■ Listed records ■

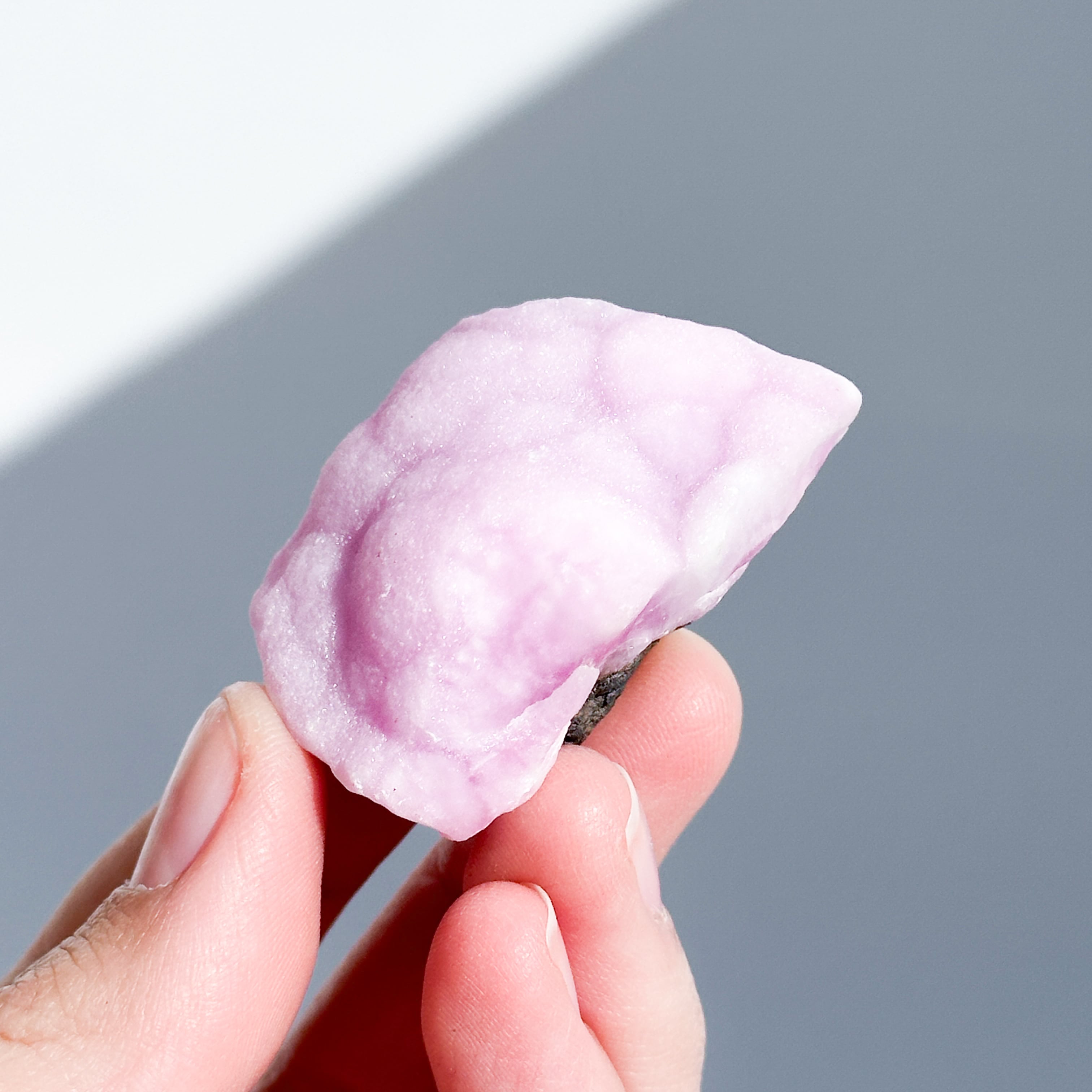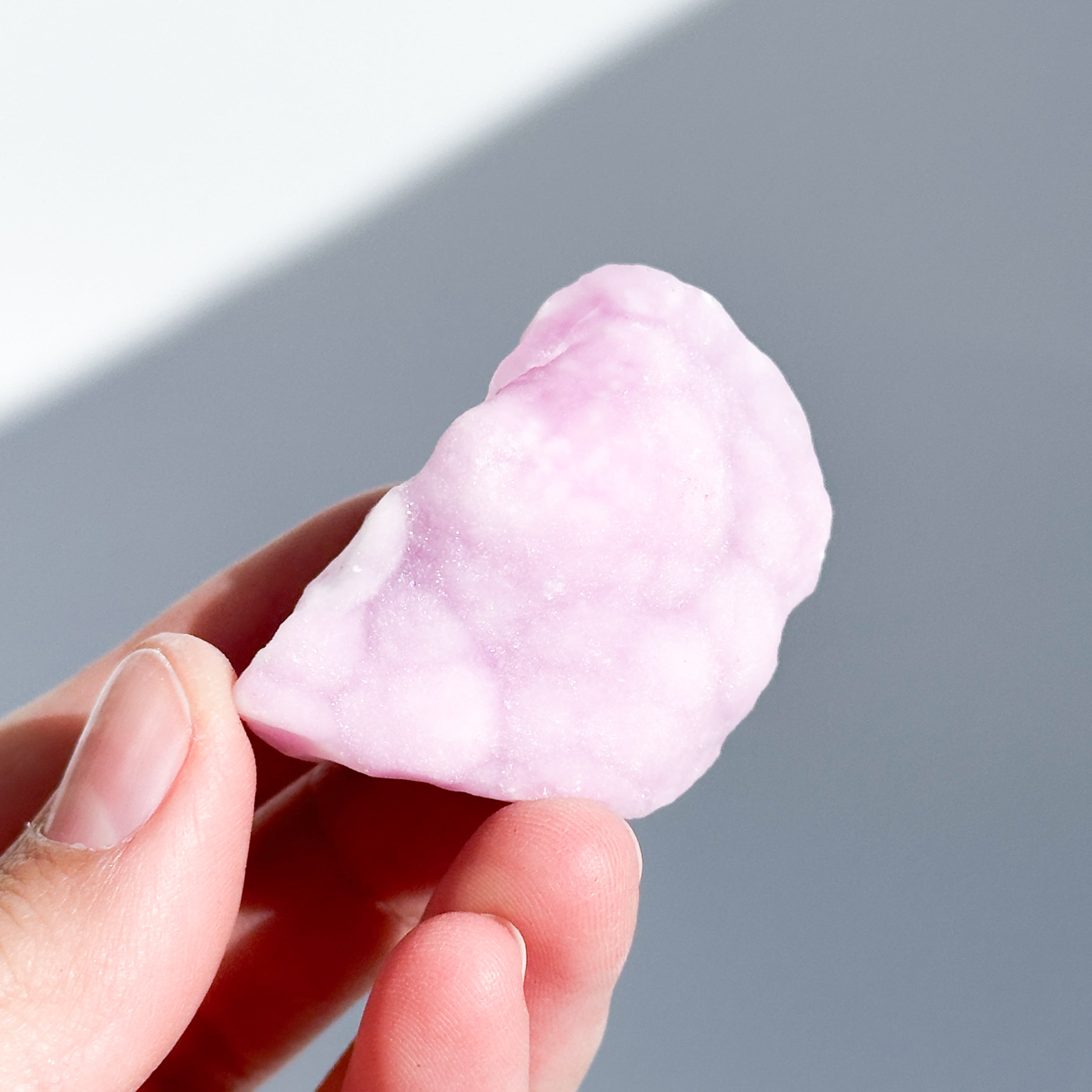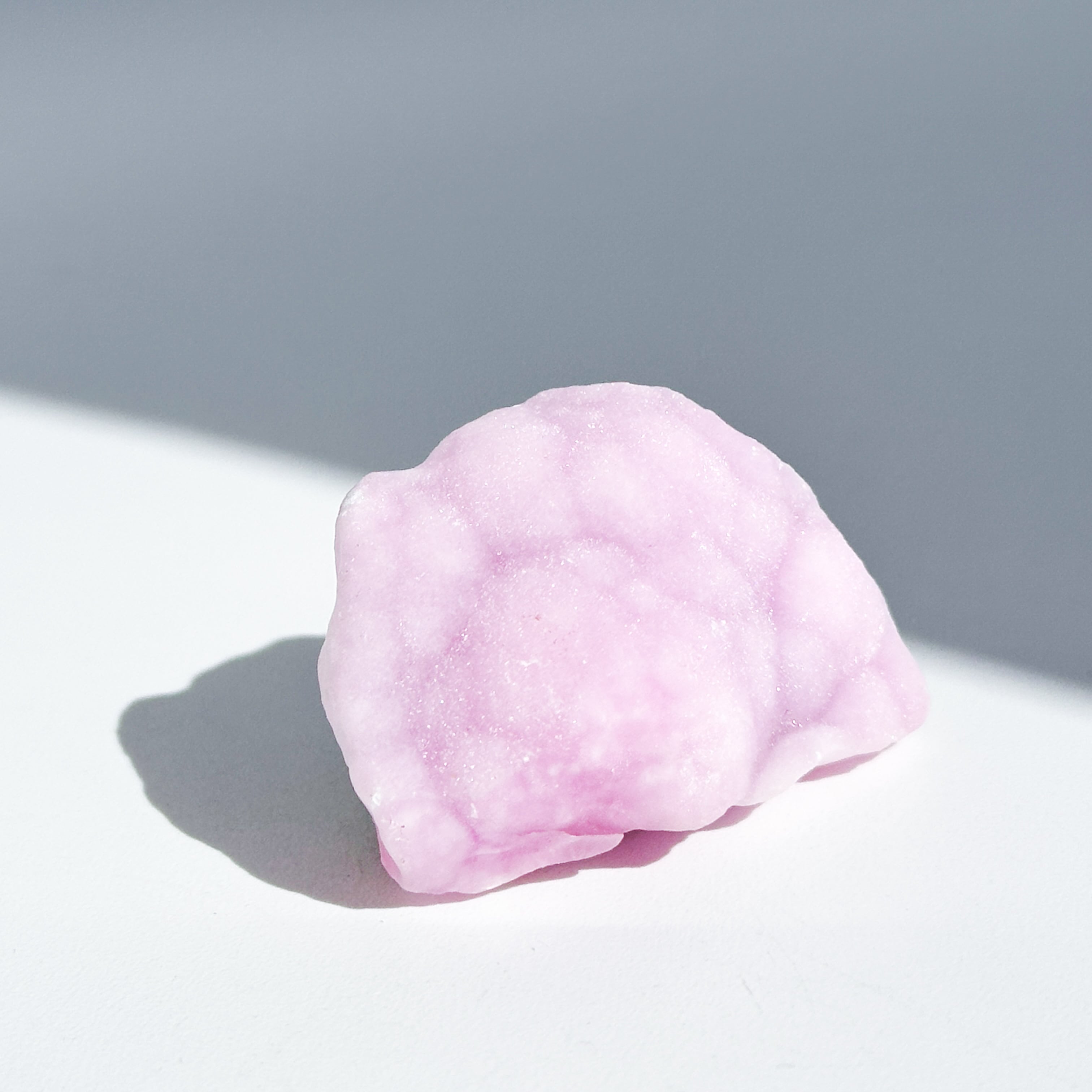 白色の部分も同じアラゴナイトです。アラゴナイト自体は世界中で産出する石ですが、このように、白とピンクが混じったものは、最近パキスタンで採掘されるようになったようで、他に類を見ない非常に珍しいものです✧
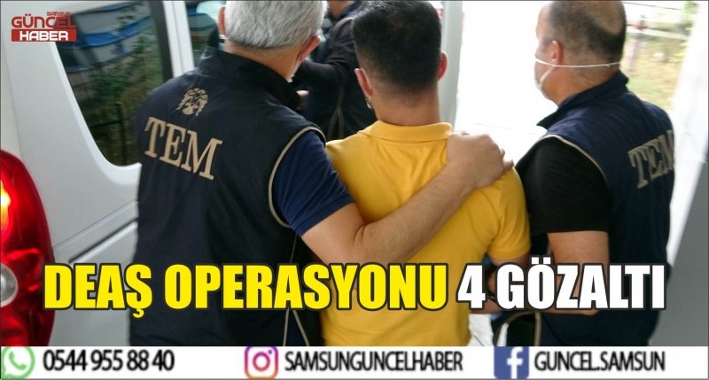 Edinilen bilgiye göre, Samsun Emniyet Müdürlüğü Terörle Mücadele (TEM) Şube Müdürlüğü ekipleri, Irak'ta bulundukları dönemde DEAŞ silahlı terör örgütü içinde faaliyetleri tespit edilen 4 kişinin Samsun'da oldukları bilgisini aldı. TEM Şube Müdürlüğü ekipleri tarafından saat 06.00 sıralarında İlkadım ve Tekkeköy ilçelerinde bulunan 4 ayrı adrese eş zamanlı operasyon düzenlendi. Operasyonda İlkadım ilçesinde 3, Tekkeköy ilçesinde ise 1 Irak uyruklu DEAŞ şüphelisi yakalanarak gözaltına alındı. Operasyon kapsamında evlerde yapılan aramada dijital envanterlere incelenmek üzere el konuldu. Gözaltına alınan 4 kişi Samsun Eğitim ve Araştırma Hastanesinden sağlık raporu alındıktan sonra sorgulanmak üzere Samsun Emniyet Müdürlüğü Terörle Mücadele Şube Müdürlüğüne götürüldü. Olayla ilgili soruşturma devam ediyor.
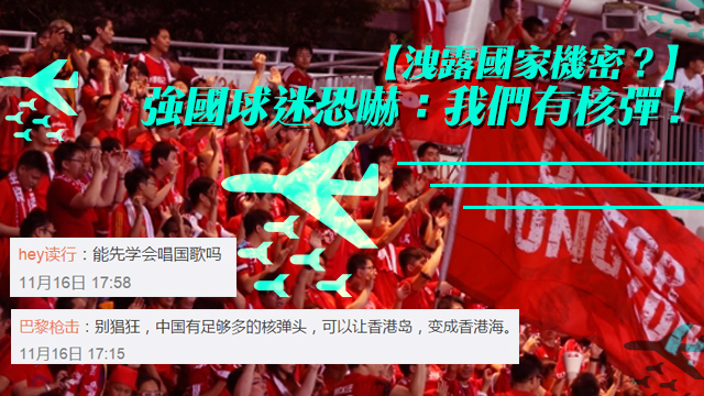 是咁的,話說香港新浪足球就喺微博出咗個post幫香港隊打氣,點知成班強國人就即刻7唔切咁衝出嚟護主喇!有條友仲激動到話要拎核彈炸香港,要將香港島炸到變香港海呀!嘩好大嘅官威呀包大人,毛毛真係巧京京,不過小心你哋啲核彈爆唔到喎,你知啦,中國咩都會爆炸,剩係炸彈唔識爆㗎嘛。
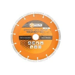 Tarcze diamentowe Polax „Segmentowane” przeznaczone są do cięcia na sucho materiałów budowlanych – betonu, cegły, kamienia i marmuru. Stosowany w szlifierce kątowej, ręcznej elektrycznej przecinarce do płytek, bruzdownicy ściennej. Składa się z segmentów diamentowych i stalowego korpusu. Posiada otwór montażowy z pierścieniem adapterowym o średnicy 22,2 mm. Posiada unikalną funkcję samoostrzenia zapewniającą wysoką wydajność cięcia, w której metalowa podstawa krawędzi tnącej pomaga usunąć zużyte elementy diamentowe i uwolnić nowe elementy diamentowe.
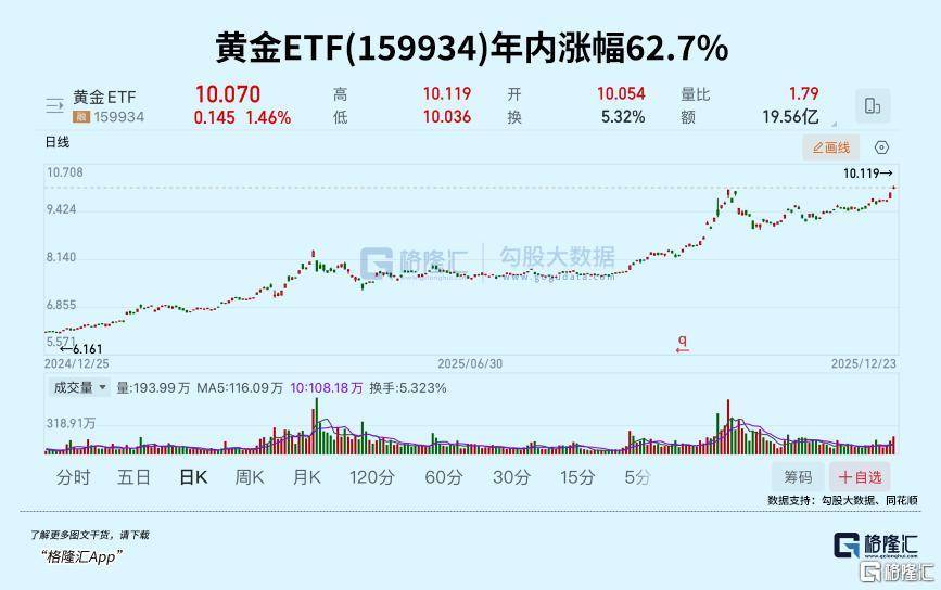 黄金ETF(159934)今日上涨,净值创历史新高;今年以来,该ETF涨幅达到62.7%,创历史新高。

■ What the task asks ■
The lines to be extracted begin at the line containing "Edinilen bilgiye göre, Samsun" and continue through the final line of the material above, both ends included. Reproduce them exactly, without the pictures.

■ Exercise answer ■
 Edinilen bilgiye göre, Samsun Emniyet Müdürlüğü Terörle Mücadele (TEM) Şube Müdürlüğü ekipleri, Irak'ta bulundukları dönemde DEAŞ silahlı terör örgütü içinde faaliyetleri tespit edilen 4 kişinin Samsun'da oldukları bilgisini aldı. TEM Şube Müdürlüğü ekipleri tarafından saat 06.00 sıralarında İlkadım ve Tekkeköy ilçelerinde bulunan 4 ayrı adrese eş zamanlı operasyon düzenlendi. Operasyonda İlkadım ilçesinde 3, Tekkeköy ilçesinde ise 1 Irak uyruklu DEAŞ şüphelisi yakalanarak gözaltına alındı. Operasyon kapsamında evlerde yapılan aramada dijital envanterlere incelenmek üzere el konuldu. Gözaltına alınan 4 kişi Samsun Eğitim ve Araştırma Hastanesinden sağlık raporu alındıktan sonra sorgulanmak üzere Samsun Emniyet Müdürlüğü Terörle Mücadele Şube Müdürlüğüne götürüldü. Olayla ilgili soruşturma devam ediyor.
 是咁的,話說香港新浪足球就喺微博出咗個post幫香港隊打氣,點知成班強國人就即刻7唔切咁衝出嚟護主喇!有條友仲激動到話要拎核彈炸香港,要將香港島炸到變香港海呀!嘩好大嘅官威呀包大人,毛毛真係巧京京,不過小心你哋啲核彈爆唔到喎,你知啦,中國咩都會爆炸,剩係炸彈唔識爆㗎嘛。
 Tarcze diamentowe Polax „Segmentowane” przeznaczone są do cięcia na sucho materiałów budowlanych – betonu, cegły, kamienia i marmuru. Stosowany w szlifierce kątowej, ręcznej elektrycznej przecinarce do płytek, bruzdownicy ściennej. Składa się z segmentów diamentowych i stalowego korpusu. Posiada otwór montażowy z pierścieniem adapterowym o średnicy 22,2 mm. Posiada unikalną funkcję samoostrzenia zapewniającą wysoką wydajność cięcia, w której metalowa podstawa krawędzi tnącej pomaga usunąć zużyte elementy diamentowe i uwolnić nowe elementy diamentowe.
 黄金ETF(159934)今日上涨,净值创历史新高;今年以来,该ETF涨幅达到62.7%,创历史新高。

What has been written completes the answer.